Objective: Although the obesity epidemic is progressing in European children too, there is no consensus on the population-specific prevalence of comorbidities or efficient diagnostic strategies. Therefore, weight-related risk factors, their interrelationship, and association with biological parameters were assessed in a large group of overweight (OW) children, documented by an electronic database.

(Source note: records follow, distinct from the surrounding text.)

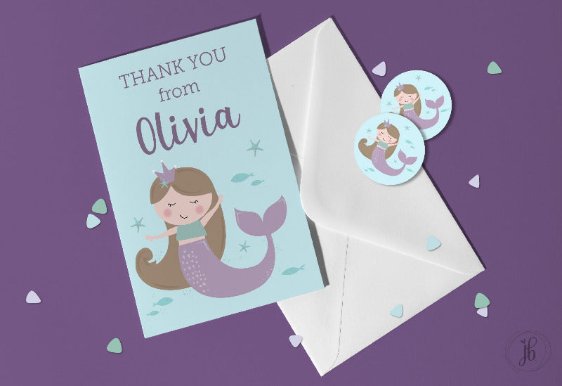 Make your ocean celebration extra magical with this Mermaid Party Personalized Under the Sea Thank You Card Set. These custom mermaid thank you cards feature a whimsical under the sea design and are personalized with your child’s name or short message, printed on premium card stock with plenty of room to write. Perfect for mermaid birthday parties, pool parties, beach parties, sleepovers, and ocean-themed celebrations, this under the sea thank you card set adds a fun, colorful finishing touch to your party and makes adorable keepsake notes for guests.
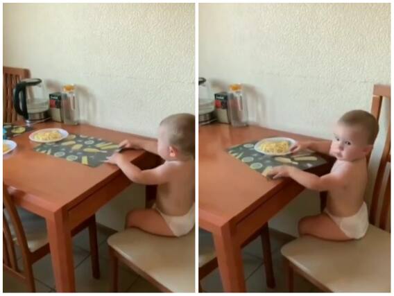 वायरल हो रहे इस वीडियो में छोटे बच्चे को खाने की टेबल के पास बैठे देखा जा रहा है. इस दौरान वह अपनी भूख को काबू में नहीं कर पाता है और उसके सामने प्लेट में रखे खाने को पाने के लिए कोशिश करते देखा जा रहा है.इस दौरान वह बच्चा एक गत्ते की मदद से प्लेट को अपनी ओर खींचने का जुगाड़ सेट करते देखा जा रहा है. जिसे देख हर कोई हैरान हो रहा है.
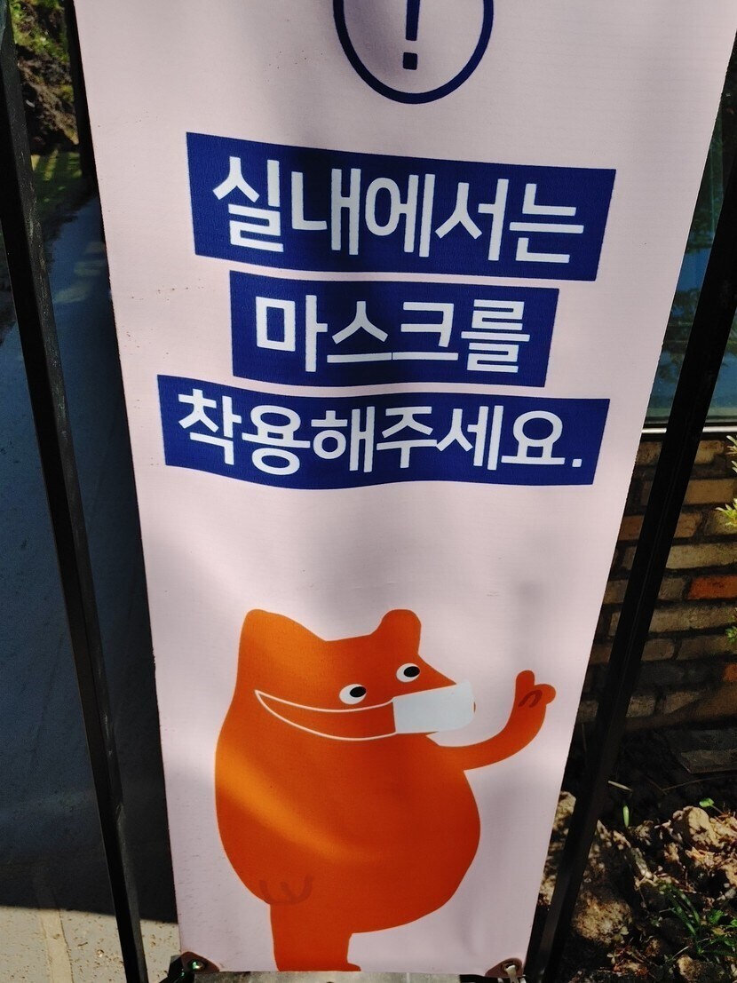 그러다가 실내카페를 찾아서 부착하였습니다 실내에서는 마스크를 체험이라고 적혀 있습니다 원래부터 끼고 있어서 들어갔더니 여러 풍경들이 있더라고요 앉을 의자거나 사진을 찍을 만한게 있더라고요
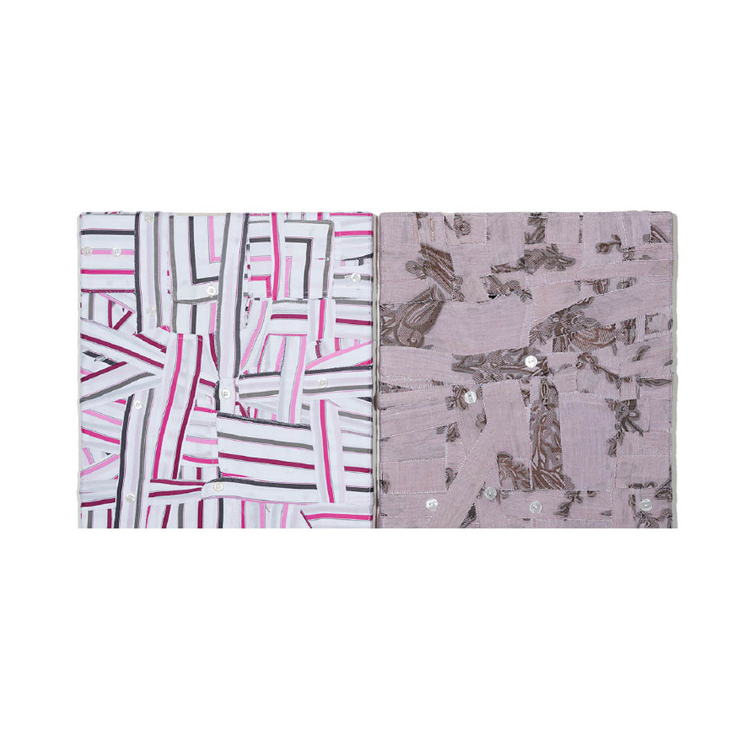 Perfect Friends unfolds as a series of 42 intimate portraits, each composed from men’s shirts once worn and given by friends, friends of friends, and acquaintances. Cut into fragments, the fabric is mounted on wooden stretchers and laboriously hand-sewn, transforming into a delicate, skin-like surface.
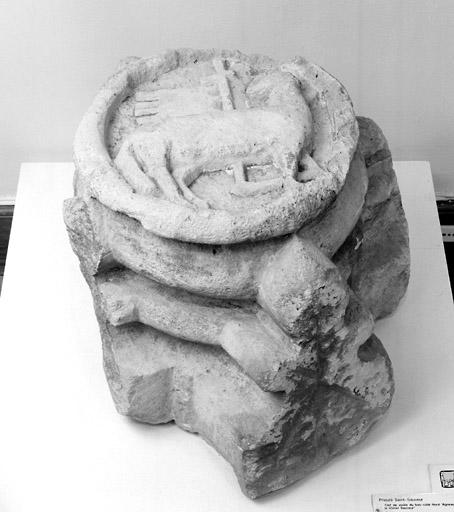 Clé de voûte sculptée : Agneau de Dieu (13e siècle), provenant du collatéral nord de l'église (ou Chapelle des Coches, détruite en 1869). Musée de Melun, inv. 967.352.
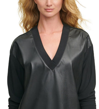 DKNY Women's Faux Leather Front V Neck Sweatshirt Black Size X-Large
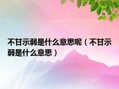 相信目前很多小伙伴对于不甘示弱是什么意思都比较感兴趣,那么小编今天在网上也是收集了一些与不甘示弱是什么意思相关的信息来分享给大家,希望能够帮助到大家哦。
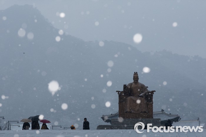 | △ 눈 내리는 광화문 세종대왕동상 |
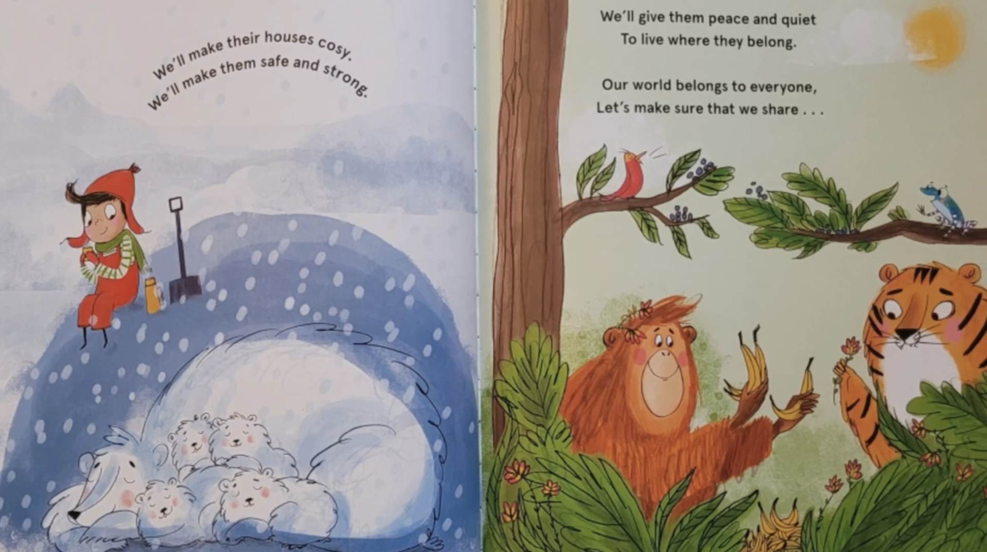 Life on land means all the plants, animals, trees and insects that live on our Earth — in the woods, the fields, the gardens and even in our own backyards. In R.E. we talked about how God made the world and he asked us to look after all the creatures and be kind to them. Animals need homes, just like we do. They live in different places around the world like forests, the ocean, the arctic and some we keep as pets. These homes are called habitats. Global Goal 15 helps us remember that we must care for animals, plants and the land, so they can stay happy and safe.
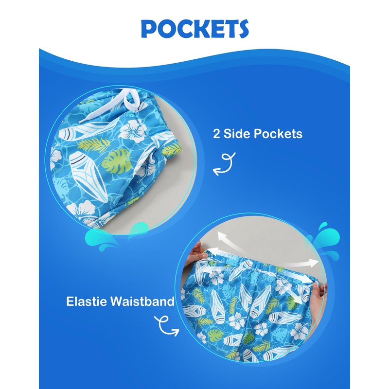 - 2 in 1 Design: Boys swim trunks with compression liner, provide extra coverage and protect your little boy’s privacy. The soft lining also reduces friction, ensuring safety and comfort during any water activity.
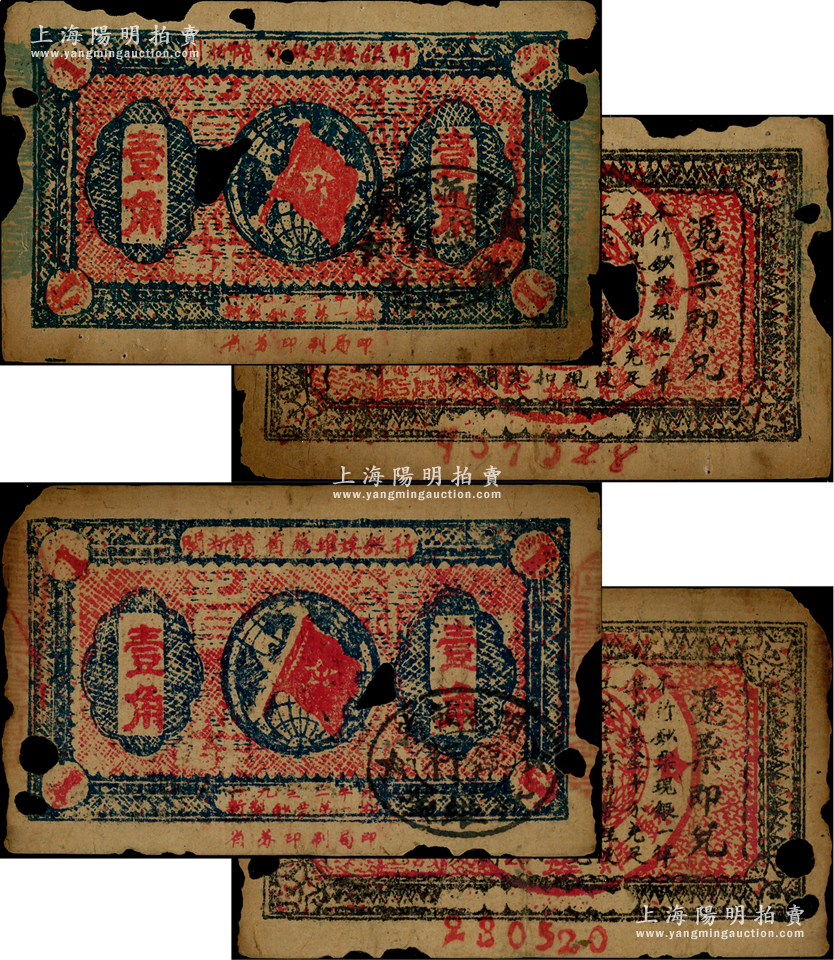 1933年闽浙赣省苏维埃银行壹角共2枚不同,其左右两侧分别为“红色骑缝章”和“蓝色骑缝章”版,其中“蓝色骑缝章”版存世颇为稀见,且两者背面下边号码亦有大小之分;图案清晰,唯惜有缺损,原票五至六成新,敬请预览
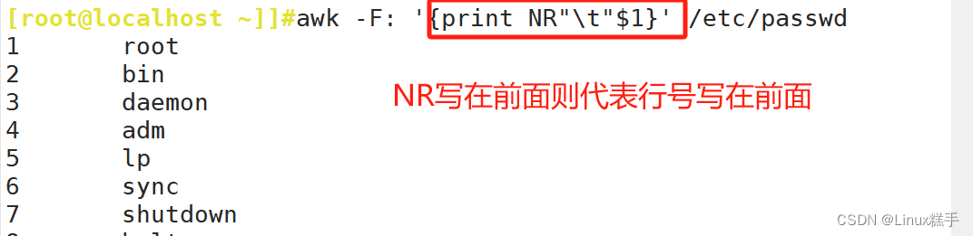 awk -F: '{print NR"\t"$1}' /etc/passwd
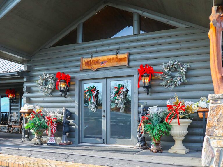 Bring everyone together to meet, eat and retreat at The Lodge at Hidden Mountain. Available for daily rental, the Lodge can host from 120+ people with its elegant copper-topped tables and plush yet rustic seating area. To make hosting your event a breeze, it is even equipped with a grand piano, a full catering kitchen, complete with a walk-in refrigerator, grill & ice maker, as well as a built-in audio/visual system with wireless microphone, overhead speakers, and 2 built-in flat TVs on either side of the massive stone & log fireplace. Large screened porches allow extra space for your guests to rock & chat while the kids enjoy the pools below.

Methods and procedures: Data of 26,008 children (age 12.6+/-2.9 years, 56% females) presented for OW (BMI >90th percentile) or obesity (>97th percentile) in 98 specialized centers were evaluated using a simple software (Adipositas Patienten Verlaufsbeobachtung (APV)) for standardized longitudinal documentation. After local anonymization, data were transmitted for central analysis including multiple logistic regression.
Results: A total of 5.9% of the children were normal weight, 41% obese (OB), and 37% extremely OB (>99.5th percentile, XXL; 41% of the girls). In 50%, at least one risk factor and in 11% a cluster of two were found, comprising increased blood pressure (BP): 35.4%, dyslipidemia: 32% (total cholesterol: 14.1%, low-density lipoprotein (LDL)-cholesterol: 15.8%, high-density lipoprotein (HDL)-cholesterol: 11.1%, triglycerides: 14.3%), impaired glucose tolerance (IGtT): 6.5% and suspicion of diabetes: 0.7%. The degree of OW was inversely associated with HDL-cholesterol and directly with clustered risk factors, impaired glucose metabolism, increased BP and triglycerides (odds ratios (ORs) XXL vs. normal=6.15, >10, 4.3, 3.0 and 2.5, respectively), but not with LDL-cholesterol.
Discussion: In a very large cohort of young Europeans risk factors for cardiovascular (CV) diseases are frequently found, related to the degree of OW and tend to cluster, thus a comprehensive screening is justified in all OW or OB children. Electronic patient documentation is feasible in a large obesity care network.